Читаем без скачивания Собрание сочинений. Т. 5. Странствующий подмастерье. Маркиз де Вильмер - Жорж Санд
Шрифт:
Интервал:
Закладка:
«Как же быть? — размышлял он. — Ведь я поклялся и брату и матушке оставить Каролину в покое. Есть только одно средство, вероятно более простое, чем все обычные способы. Нужно окружить Каролину вниманием, по виду совершенно бескорыстным, быть с ней почтительным без намека на волокитство и вести себя так дружественно и непринужденно, чтобы внушить ей полное доверие ко мне. Так как при этом не возбраняется проявлять остроумие, учтивость и преданность, которые я выказал бы, ухаживая за ней неприкрыто, то Каролину, вполне вероятно, тронет мое обхождение, и она сама постепенно освободит меня от данного обета. Женщина всегда удивляется, когда после двух-трех месяцев дружеской близости с ней не заводят речи о любви. Потом и она заскучает, видя, что брат продолжает смотреть на нее пустыми глазами… Словом, поглядим! Покорить сердце, за которым охотишься, не показывая вида, следить за тем, как добродетель уступает, и прикидываться, будто ты тут ни при чем — ощущения острые и новые. Я не раз наблюдал, как ведут себя при этом кокетки и жеманницы, — интересно поглядеть, как выйдет из такого положения мадемуазель де Сен-Жене».

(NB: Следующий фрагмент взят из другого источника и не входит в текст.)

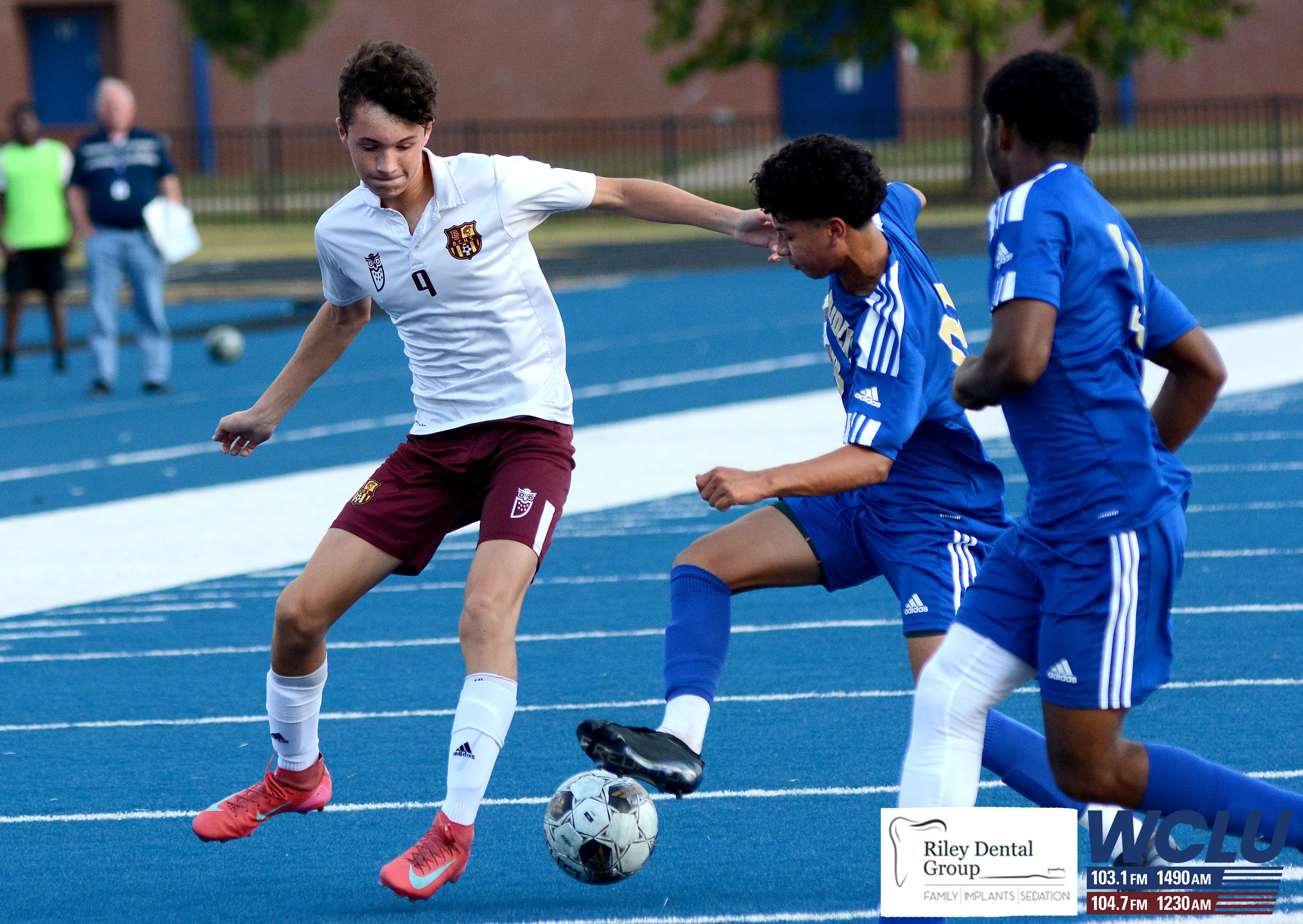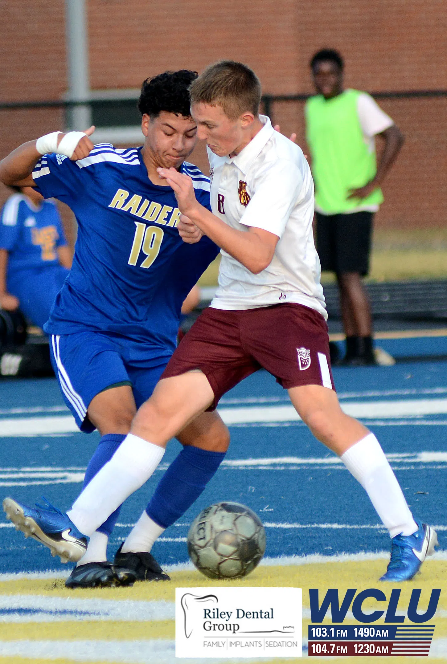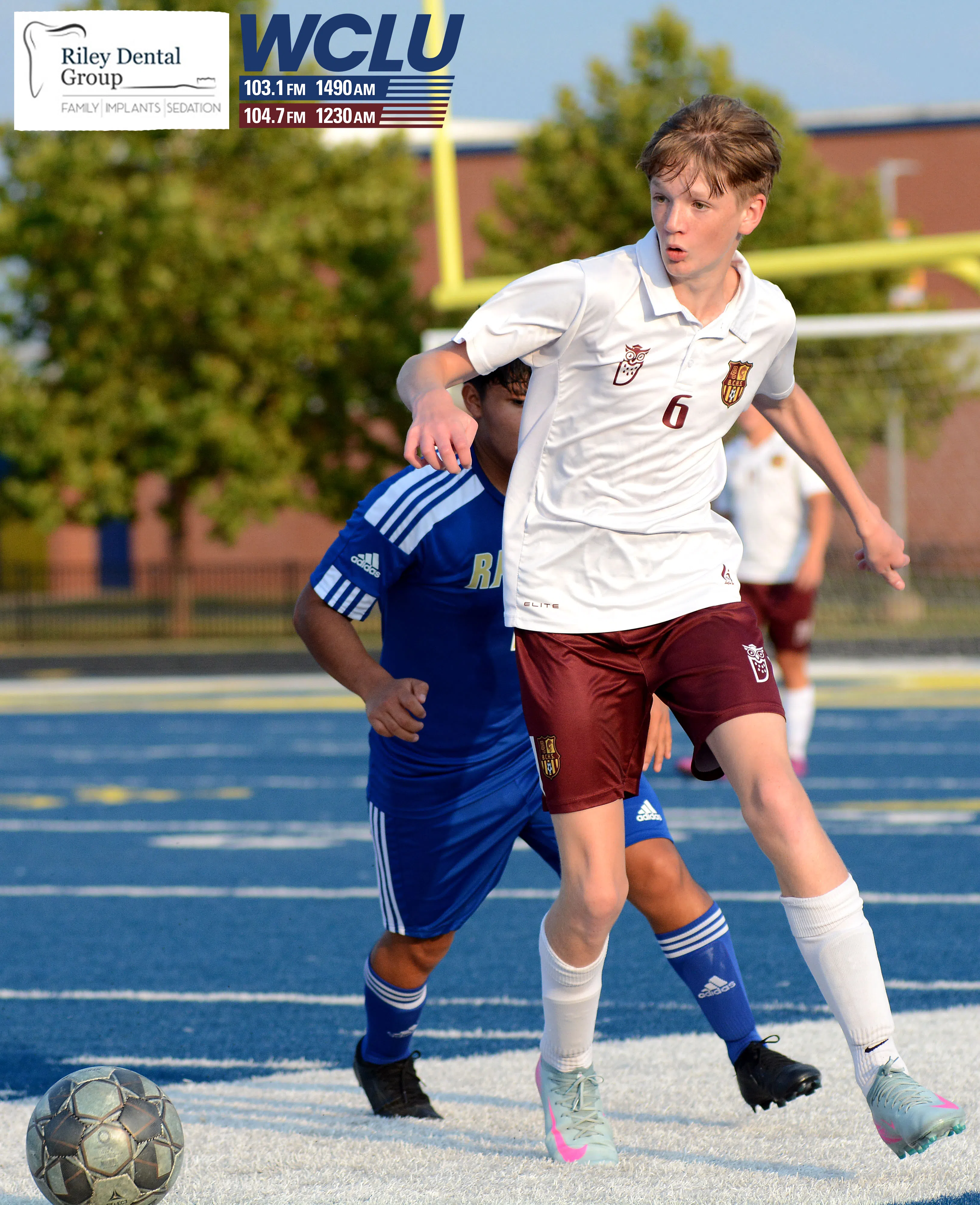 Barren County’s Micheal Owens battles for the ball against Warren East. The Trojans lost, 7-2. Auggie Brown/WCLU Sports

Поглощенный этой самолюбивой мальчишеской затеей, герцог не испытывал скуки. Впрочем, грубый разврат ему всегда претил, и волокитство его неизменно отмечала печать изысканности. Он так рьяно прожигал свою жизнь, что изрядно растратил собственные силы, и теперь ему ничего не стоило обуздать свои порывы. Герцог сам говорил, что был бы не прочь восстановить утраченное здоровье и свежесть, а временами даже мечтал вернуть молодость и сердцу, ту самую молодость, внешние признаки которой он сумел сохранить в своих речах и повадках. И так как теперь его мозг вынашивал бессовестную любовную интригу, герцог считал, что еще вполне подходит к роли романтического воздыхателя.
Он так искусно плел сети, что мадемуазель де Сен-Жене в душевной своей скромности сразу попалась на крючок его мнимой добропорядочности. Видя, что герцог больше не ищет с ней встреч наедине, Каролина перестала его избегать. Герцог же, непрестанно наблюдая за ней исподтишка, как бы невзначай, сам того не желая, наталкивался на Каролину во время ее прогулок и, притворяясь, будто не хочет длить эти встречи, удалялся, подчеркнуто ненавязчивый и вместе с тем будто слегка опечаленный, так что его изысканная любезность граничила с вызывающим равнодушием.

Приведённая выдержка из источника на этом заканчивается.